One such commonly used library is the mlxtend library. It offers a range of functionalities for performing association rule mining, including the Apriori algorithm (discussed later), a popular algorithm for Market Basket Analysis. 

By analysing customer transaction data, MBA or Market Basket Analysis allows businesses to uncover patterns, associations, and dependencies that are not immediately apparent. 

This knowledge can be leveraged to optimise business strategies, improve customer experience, and drive revenue growth. The next segment of this blog discusses some of the critical aspects of Market Basket Analysis and provides examples. 

How do you do Market Basket Analysis in Python?

As we have mentioned, several Python libraries are used for MBA. Apriori Algorithm is one of the most commonly used Python libraries for association data mining. 

What is Association Rule Mining?

Apriori Algorithm is used for association rule mining, which unfolds the pattern of items purchased together and concurrence in the same. For example, one can find a correlation and association between different items that customers purchase and the recurring pattern. 

Let’s say Raghav buys a bottle of cold drinks and adds chips and wafers to his basket. The store manager analyses that many other customers, like Raghav, purchase cold drinks, chips, and wafers. So, the manager starts placing these products together, eventually boosting sales. 

This process of analysing the association between different purchased products is called association rule mining. The Apriori algorithm, one of the most popular and efficient algorithms, implements association rule mining. 

How Does the Apriori Algorithm Work? 

The Apriori algorithm is popular in Market Basket Analysis and association rule mining. Its primary purpose is to identify frequent itemsets within a transactional dataset. Here’s an explanation of how the Apriori algorithm works: 

  • Support: The algorithm begins by scanning the dataset to calculate each item’s support. Support refers to an item’s frequency in the dataset and is expressed as a percentage or decimal value. 
  • Generating Candidate Itemsets: The algorithm generates candidate item sets based on the support values. Initially, it creates a list of frequent 1-item sets, individual items that meet the minimum support threshold. These frequent 1-itemsets are considered as the seeds for generating larger itemsets. 
  • Joining Step: In this step, the algorithm joins the frequent (k-1)-itemsets to generate candidate k-itemsets. It combines itemsets that share the first (k-2) items. For example, if we have frequent 2-itemsets {A, B} and {A, C}, the algorithm joins them to create a candidate 3-itemset {A, B, C}. 
  • Pruning Step: The pruning step eliminates candidate itemsets that contain infrequent subsets. If any (k-1)-subset of a candidate k-itemset is infrequent, the candidate k-itemset is pruned since it cannot be a frequent itemset. 
  • Scanning the Dataset: After generating candidate item sets, the algorithm scans the dataset again to calculate each item set’s support.
  • Repeat: Steps 3 to 5 are repeated iteratively until no more frequent itemsets can be generated. The algorithm continues until it reaches this stage. 
  • Association Rule Generation: Once all frequent item sets are discovered, association rules are generated. These rules consist of an antecedent (left-hand side) and a consequent (right-hand side). The antecedent represents the items that imply the presence of the resultant in a transaction. 
  • Rule Evaluation: Finally, the generated association rules are evaluated based on metrics such as support, confidence, and lift. Support measures the frequency of the rule, confidence indicates the likelihood of the consequent item being purchased given the antecedent, and lift measures the strength of the association between the antecedent and the resultant. 
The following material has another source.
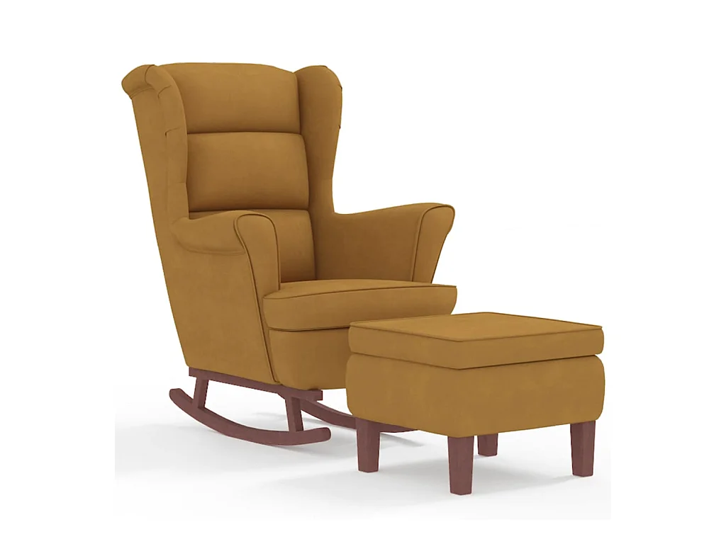 Sillón mecedora patas madera y taburete terciopelo marrón

Steps of Market Basket Analysis in Python 

Understanding the steps of Market Basket Analysis in Python is essential for uncovering hidden patterns in sales data. Analysing purchase behaviour helps businesses optimise product placement, improve marketing strategies, and enhance customer experience. This knowledge enables data-driven decision-making, boosting profitability and operational efficiency. The steps of Market Basket Analysis in Python are as follows: 

  • Preparing the Dataset: 

Gathering and preparing the dataset for Market Basket Analysis is crucial before implementing it. The dataset should consist of transactional records, each representing a unique customer purchase and containing a list of items purchased.

First, we must import Python libraries, such as Pandas and NumPy, for data manipulation and analysis. We can then load the dataset into a Pandas DataFrame and explore its structure using various functions and methods provided by the library.

How to Perform Market Basket Analysis in Python

  • Data Preprocessing and Exploration:

Once the dataset is loaded, it is essential to preprocess and explore the data to ensure its quality and understand its characteristics. This step involves handling missing values, removing duplicates, and transforming the data into the appropriate format for analysis.

  • Handling Missing Values:

Missing values can hinder the accuracy and reliability of the analysis. Therefore, it is crucial to handle them appropriately. Depending on the dataset, you can remove rows or fill in missing values with appropriate techniques, such as mean imputation or forward/backward filling.

  • Removing Duplicates:

Duplicate records can skew the analysis results, leading to inaccurate associations. Removing duplicates ensures that each transaction is considered only once during the analysis, providing more reliable insights.

  • Data Transformation:

Most MBA algorithms require the data to be in a binary format, where each column represents a unique item, and the values indicate whether an item is present in a particular transaction. We can use one-hot or binary encoding techniques to transform the dataset into this format.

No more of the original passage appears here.